Je reconnais que la Libye est toujours en proie à des troubles politiques et qu’elle connaît une instabilité politico-militaire, mais j’estime qu’il y a peu d’éléments de preuve qui démontrent que le demandeur et sa famille risqueraient sérieusement de subir les difficultés mentionnées précédemment s’ils devaient retourner dans ce pays. Premièrement, je remarque que cette situation n’est pas nouvelle puisque la première guerre civile en Libye, aussi appelée la révolution libyenne, a eu lieu en 2011. La demande et les observations indiquent que, de 2011 à janvier 2014, avant que le demandeur et sa famille ne quittent la Libye, le demandeur travaillait comme enseignant dans une faculté en Libye. Le demandeur ne mentionne pas que sa famille et lui ont vécu des difficultés ou des mauvais traitements pendant qu’ils vivaient en Libye et il n’indique pas non plus qu’ils vivaient dans la pauvreté. De plus, il fournit peu d’explications quant aux raisons pour lesquelles il ne serait plus en mesure de subvenir financièrement aux besoins de sa famille s’ils devaient retourner en Libye.

[...]

De plus, le demandeur ne laisse pas entendre que des personnes dans une situation semblable à celle de sa famille et lui, comme les membres de leurs familles, leurs amis ou leurs anciens collègues qui se trouvent actuellement en Libye, vivent l’une ou l’autre des difficultés mentionnées précédemment. On ne connaît pas leurs circonstances ou leur situation, et peu de détails sont fournis aux fins d’examen. Je comprends que la Libye est loin d’être parfaite. Cependant, je conclus que le demandeur fournit peu d’éléments de preuve indiquant que sa famille et lui ont été ou seront, personnellement ou directement, touchés par l’une des conditions générales dans le pays mentionnées précédemment. Un tel argument n’est pas convaincant en l’absence d’éléments de preuve ayant une valeur probante suffisante pour étayer le fait que les conditions générales dans le pays toucheront personnellement ou directement le demandeur et sa famille.

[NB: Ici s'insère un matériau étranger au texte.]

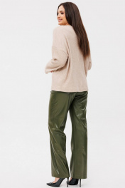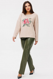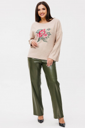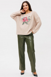 Двухпредметный комплект Ma Сhérie, состоящий из трикотажного джемпера и брюк из экокожи. Джемпер свободного силуэта из трикотажа. Горловина округлая, обработана обтачкой. Полочка цельная, на груди дизайнерская вышивка. Спинка со средним швом. Рукав одношовный втачной длинный, линия плеча спущена. Длина изделия 62,5-64 см в зависимости от размера, длина рукава от горловины 69,5-70 см. Брюки прямые из качественной экокожи. Пояс притачной, застежка на петлю и пуговицу, обработана гульфиком с тесьмой-молнией. Передние половинки с горизонтальными подрезами, в боковых швах функциональные карманы. Задние половинки цельные с накладными карманами. Длина по боковому шву 111-112 см в зависимости от размера. Комплект можно одеть как на торжественное мероприятие, так и для повседневного использования. Джемпер и брюки можно приобрести раздельно. Модели 1128 и 2078 соответственно.

Dans l’ensemble, je conclus que les documents et les éléments de preuve présentés par le demandeur ne suffisent pas à établir la possibilité sérieuse que sa famille et lui soient menacés ou persécutés par les milices ou d’autres agresseurs ou qu’ils soient personnellement et directement touchés par les conditions générales en Libye décrites précédemment s’ils devaient retourner dans ce pays. Par conséquent, j’accorde peu de poids à ce facteur dans la présente décision.

[...]

Si je reconnais le désir du demandeur et de son épouse d’offrir à leurs enfants un environnement sûr et les meilleures possibilités d’éducation, j’estime que leurs affirmations selon lesquelles leurs enfants seront exposés à des risques d’enlèvement, d’extorsion, de viol et de meurtre en Libye sont de nature générale et ne sont pas étayées par la preuve. Les observations contiennent peu d’éléments de preuve démontrant que leurs enfants seraient exposés à de tels risques à leur retour en Libye. Je trouve que peu de renseignements sont présentés pour décrire des expériences précises ou des cas d’autres enfants vivant une situation semblable à la leur qui auraient été victimes de crimes et de mauvais traitements du genre en Libye.

[...]

Bien que je reconnaisse que la situation actuelle en Libye demeure défavorable, je conclus que le demandeur et sa famille n’ont pas présenté une preuve suffisante pour démontrer qu’ils seraient personnellement et directement touchés par la situation en Libye s’ils devaient y retourner. Compte tenu des antécédents d’études et d’emploi du demandeur en Libye, de la présence de nombreux membres de la famille dans le pays et de la capacité de sa famille à s’adapter avec succès à de nouveaux environnements, je ne vois pas pourquoi le demandeur et sa famille ne pourraient pas atteindre, en Libye, un degré d’établissement semblable à celui qu’ils avaient avant leur départ du pays.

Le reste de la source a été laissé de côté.